Physical A: pertaining to being qua changing, to physis broadly construed; or

Physical R: pertaining specifically to microphysics.

I think there is often a (perhaps unintentional) equivocation using the plausibility of A to assume R. When it comes to questions of agency or the causal efficacy of life forms, etc., R is simply question-begging.

Now, a common point here is that “physical laws” are never violated at different “levels.” Which is true, but is merely a tautology, since regularities are only considered “laws” when they are never violated (or if they are shown to be consistently violated, we just change them). Similarly, laws of chemistry or biology, when defined the same way, are by definition never violated.
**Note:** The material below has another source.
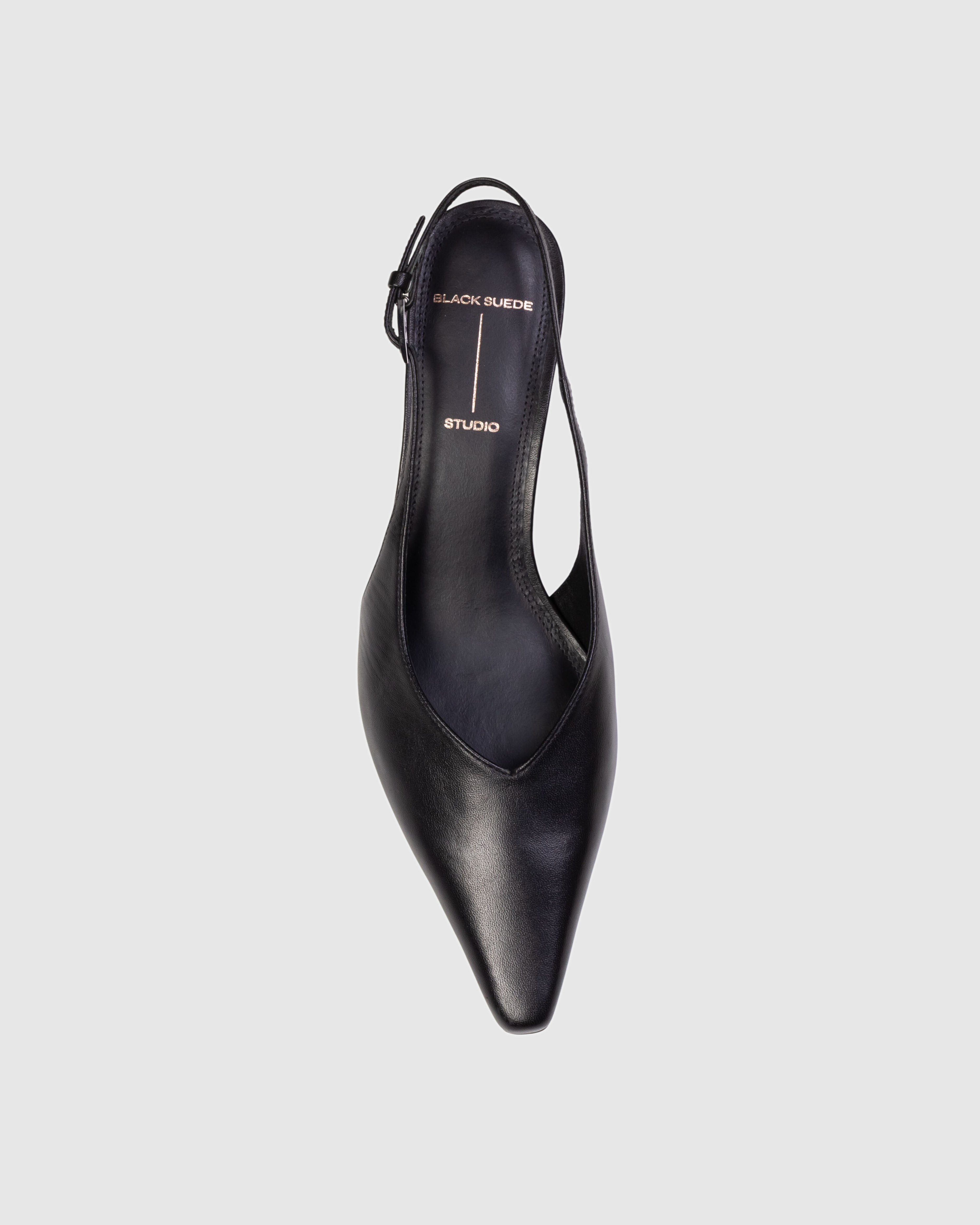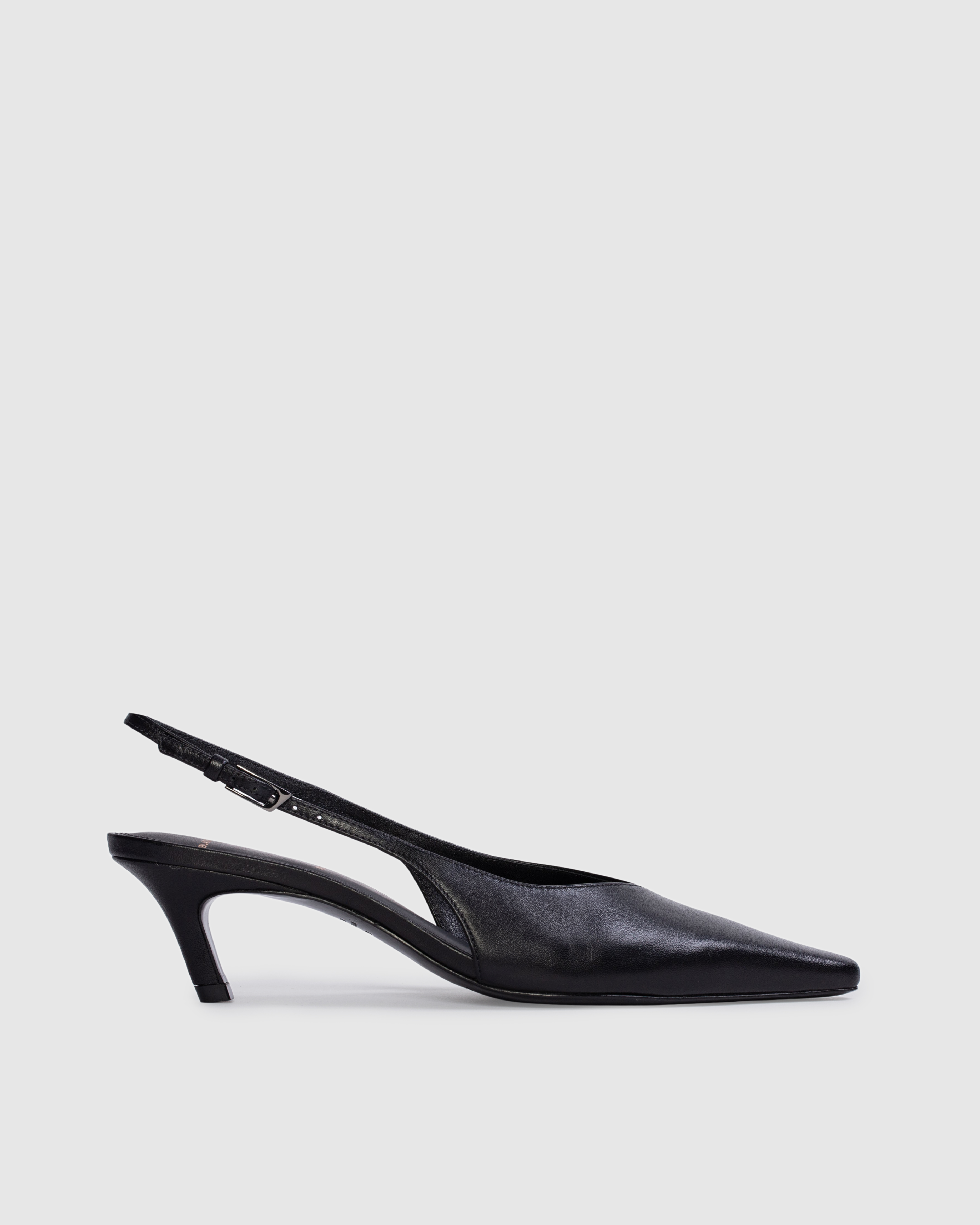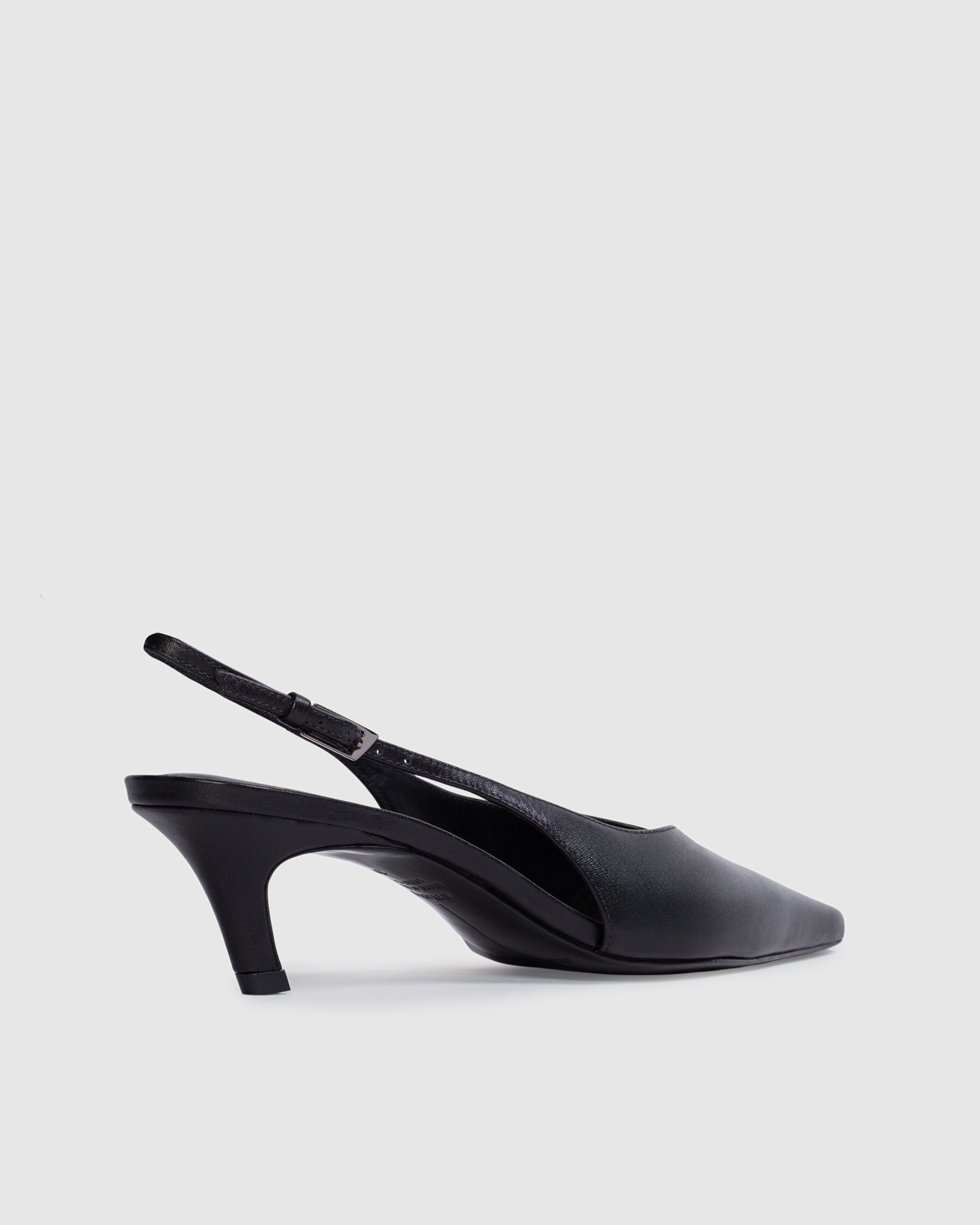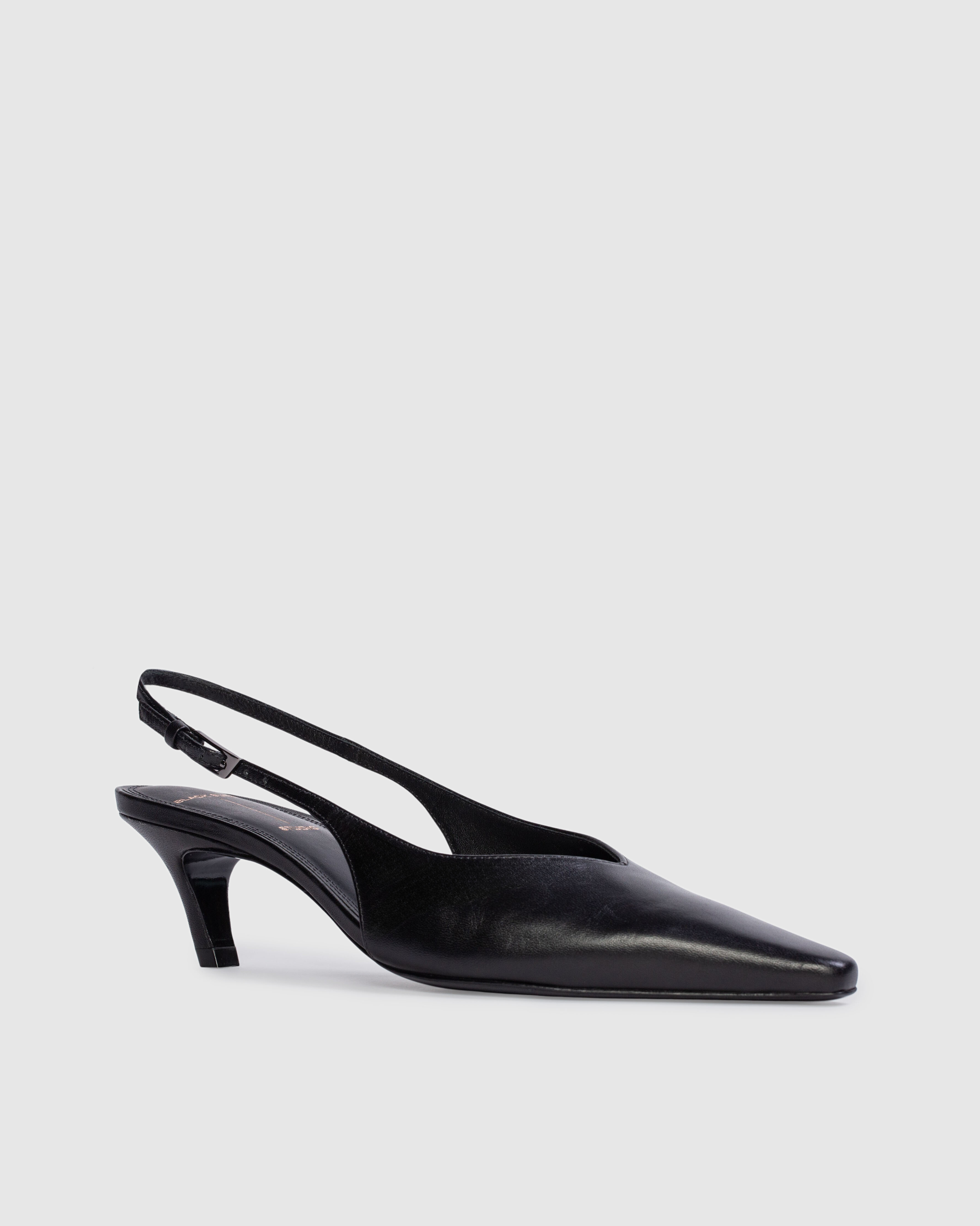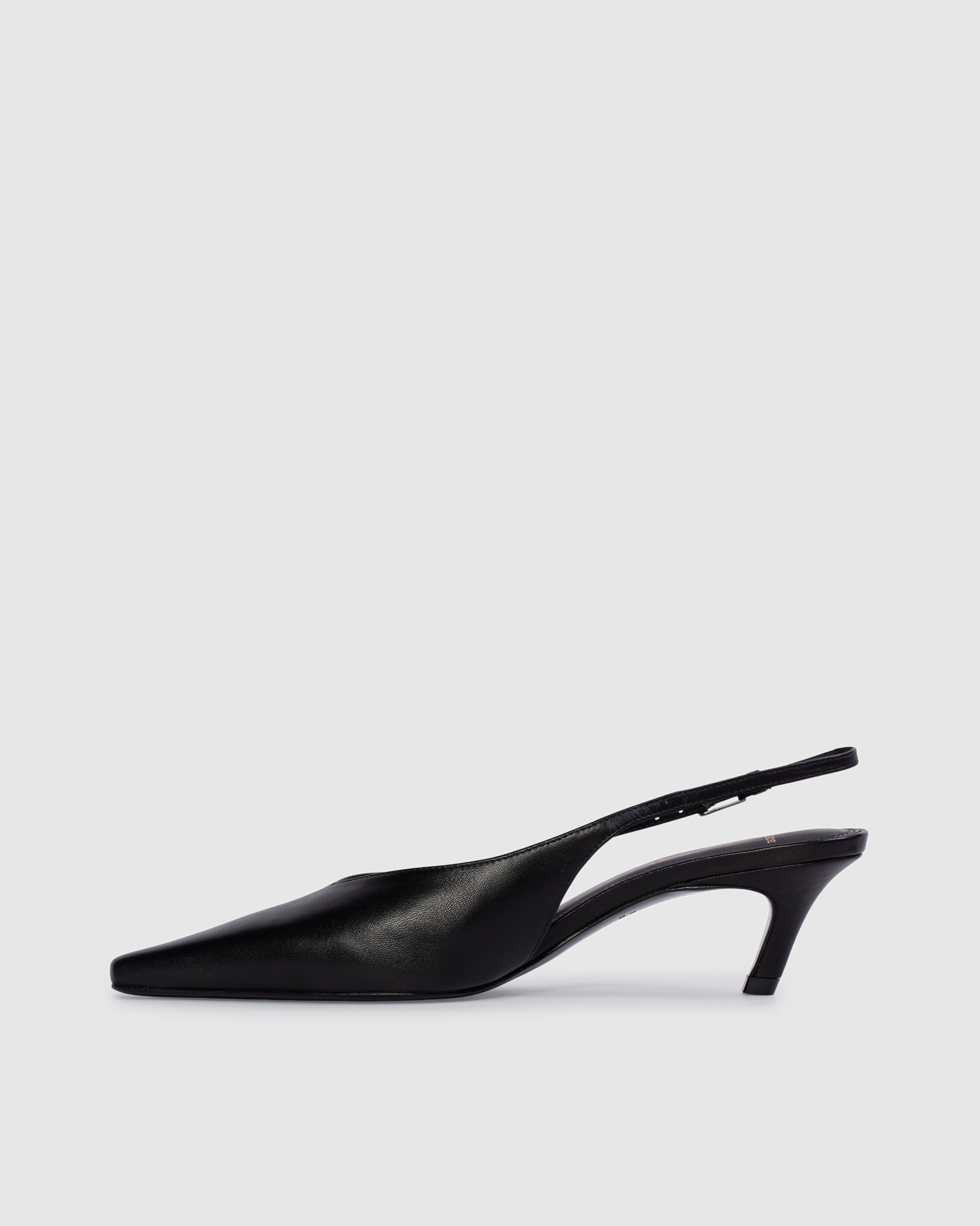 Snipped toe slingback pump, set on an angled kitten heel. Made with smooth buffed leather.

And at any rate, the move from “physics is never violated” to “physics is explanatorily primary” is a non-sequitur.

Now, if a metaphysics cannot tell the difference between a man and a corpse, I would say it is defective. I am not sure how one gets this from particle ensembles or fields if “higher levels” are assumed to be causally inert. But even if we grant that some real morphism could be identified where all living things can be identified in terms of something like particle arrangements, this would still simply be a morphism that is defined by reference to the biological category it’s supposed to reduce. Coextension is not reduction however. The mathematical characterization would still be parasitic on the biological concept, barring some sort of actual grounding relation. Really, it would simply be an extensional definition that manages to invert the place of the principle that unifies all of its instantiations, and the contingent instantiations of said principle–a bit like defining a frog by piling every frog in the world into a heap. But extensional definitions are all the rage (even validity is often defined this way, or necessity, as sheer frequency), and I think this ultimately traces back to nominalism.
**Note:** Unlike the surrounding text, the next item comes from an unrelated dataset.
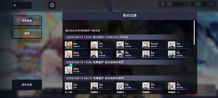 「骑士契约」更新了哦ฅ(ΦωΦ) ฅ直到2026年4月15日(三) 03:59,与图中骑士的契约概率会提升哦~同时,「记忆解析 CODE:DELIRIUM」也已上线🎮🌊详细内容请在游戏内确认🐾#溯回青空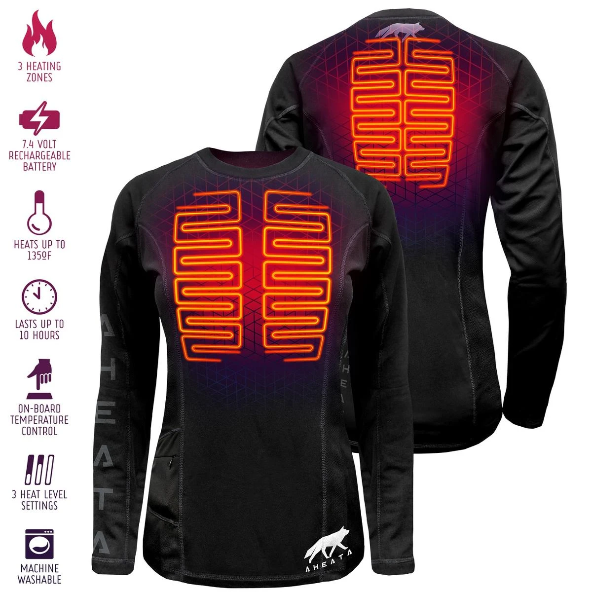 The Aheata Base Layer Shirt for Women brings soothing heat right to where you want it. Wearing a heated base layer keeps the heat close to your body so you warm up quicker and stay warm longer.  Slip on a Women’s Aheata 7 Volt Base Layer under your normal clothing to trap in the heat. Put on your winter jacket for even more heat insulation! The Aheata Women’s Battery Heated Top is perfect for chilly offices, a fall motorcycle trip around town, fishing, hunting, bicycle ride, or any everyday errand you have planned.

Which I mention because nominalism offers another problem here. Supervenience would seem to assume some sort of composition relation, but within physicalism it seems that composition often is extremely fraught (universalism and nihilism being quite popular). Often, it is said that composition is wholly defined in terms of what we currently find “useful.” To be sure, there is commonly a pivot to functionalism here, but since teleology is also often excluded, “function” is just as often considered arbitrary or illusory. But talk of supervenience re higher and lower levels or parts and wholes with arbitrary composition is going to be hamstrung from the outset. In particular, if all “higher level” natural kinds/wholes are causally inert (because the physical “base level” is causally closed), then in virtue of what are there any meaningful wholes/levels by which to define supervenience in the first place? More to the point, even if these “levels” could be defined in terms of epiphenomena, those epiphenomena cannot, by definition, explain our act of embracing those definitions (making our very philosophical language inexplicable).
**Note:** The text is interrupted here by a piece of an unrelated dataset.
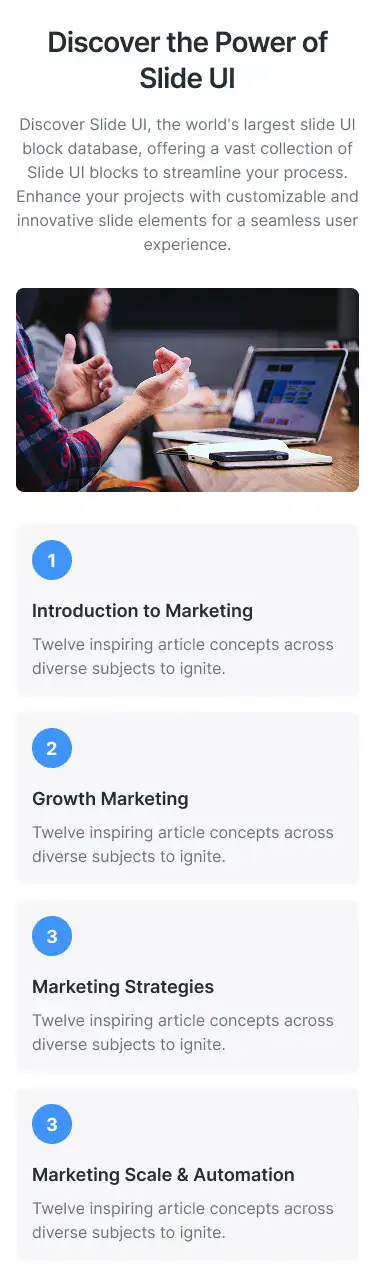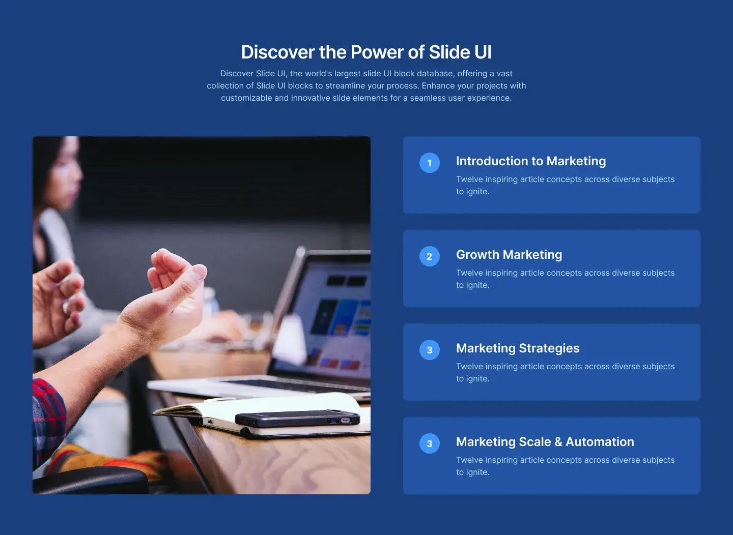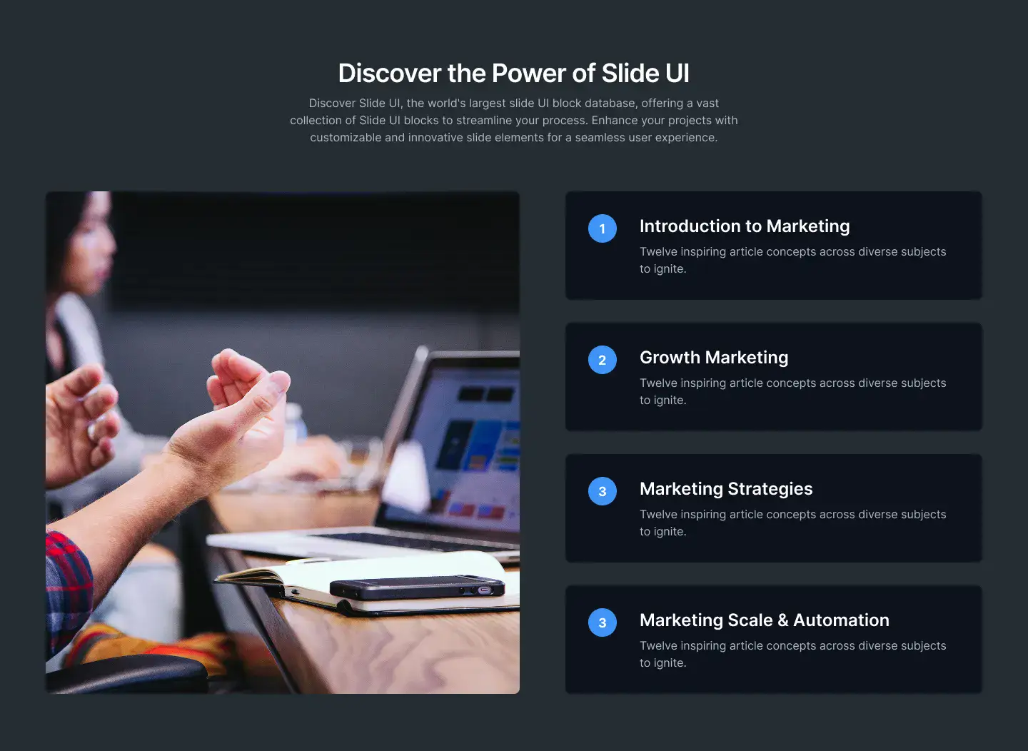 View Hero blocksShowcase processes, features, or onboarding in a clean 3–4 step layout. These are perfect for explaining complex ideas simply.

This is painfully obvious in Kim’s exclusion argument because he has to define B-minimal properties in terms of mental states, which, according to his own theory, are causally inert. So, P1 is only called P1 because it produces M1, but M1, containing the thought “P1 is the cause of M1” can never be the cause of us identifying P1 as the cause of M1. Yet the pivot to reductionism/identity theory doesn’t actually resolve this issue, since it still implies that the existence of M1 isn’t the cause of us talking about M1 (which just highlights the accidental relationship between the two highlighted in my first post).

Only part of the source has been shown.